I'm slow off the mark writing about it, but the Dublin Book Festival outdid itself this year. Smock Alley was decked out to the nines, and with the lovely Peabody pop-up coffee shop and the handily placed beanbags, not to mention gallons of wine, the punter's every need was catered for. Not least was the line up of panels and launches, which made it very hard to decide what to go to and what to have to ruefully miss.

One I wasn't able to pass on was the Anti-room panel, headed up by Sinéad Gleeson and Anna Carey, with Léan Cullinan, Mary Costello, and Anna McPartlin. Of the three, I have only read Mary Costello's work (and loved it, as do many others, as evinced in her Bord Gais Book Award), but I was eager to hear about the issues surrounding women's writing in 2014. 
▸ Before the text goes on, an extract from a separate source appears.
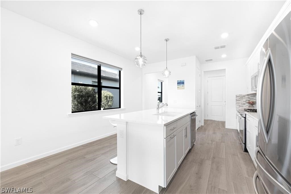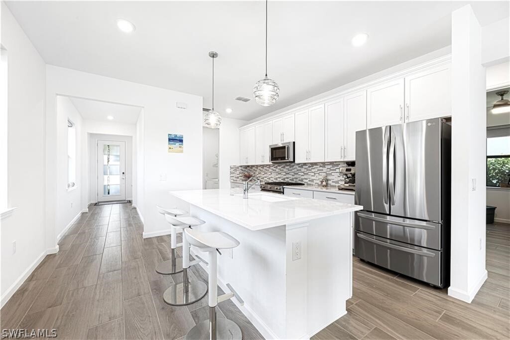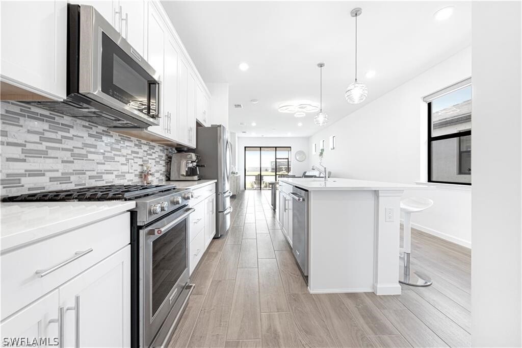 Welcome to 20039 Kingmont Drive,a beautifully maintained home in the highly sought-after Verdana Village community. This 2-bedroom Plus Den,2-bathroom residence features an expansive layout with a bright flex room that can double as a third bedroom,den,or office space. The open-concept design includes modern finishes throughout,a chef’s kitchen equipped with high-quality appliances,custom closet shelving for enhanced organization,and a spacious bedroom 2 closet with upgraded storage solutions. The laundry room offers additional cabinetry,a premium feature not typically found in standard models,while the extra-deep 24+ foot garage includes built-in storage shelving. The home is further enhanced by its serene outdoor living space,where you can relax in the backyard and enjoy breathtaking lake views. Additional features include a whole-house generator,ensuring peace of mind and reliability during power outages,and elegant gray-tone plank flooring to complement the home’s contemporary aesthetic. Residents of Verdana Village benefit from a world-class amenity center featuring a resort-style pool,state-of-the-art fitness center,sports courts,walking trails,and scenic green spaces,offering the perfect blend of luxury and tranquility. This home is an exceptional opportunity to experience modern living in a vibrant,family-friendly community.

In the mid-nineties, I wrote a master's thesis on Edna O'Brien. I'll spare you details (mostly because I can't find the thesis), but the thrust was that reviewers were more interested in her eyes and hair and porcelain skin than in her books. A few weeks ago, I was disconcerted to read this Irish Examiner description of Mary Costello: 'Author of quite brilliant collection of short stories published two years ago, in her late 40s, Mary is attractive with her long blond hair, and luminescent eyes, but there’s a separateness about her...'. So it was no surprise that the discussion was depressingly familiar. Women might be the biggest book buyers, and read books written by both sexes, but men prefer to read men; reviewers tend to be men; these men prefer to review the books of other men; journals publish more men; etcetera. Same old, same old.

These gorgeous bookmarks are available from badaude.typepad.com; proceeds will go towards sustaining the #ReadWomen campaign beyond 2014. 
But the picture is not completely bleak. We should take heart from the very fact of this panel's existence in the Dublin Book Festival, and from the size of the crowd who attended the event. The panelists spoke about how inspired campaigns like #ReadWomen affect women writers, and how they feel about women-only prizes, such as the Baileys Women's Prize for Fiction (no need for them, in an ideal world, but in the meantime...).

At another event the same morning in the National Gallery, it was small comfort to hear about the shiny, pink cover, featuring a 'Kylie Minogue lookalike' dancing around her Hoover, that was presented to Roddy Doyle for his grimly themed Paula Spencer. Fortunately for him, he was in a position to decline.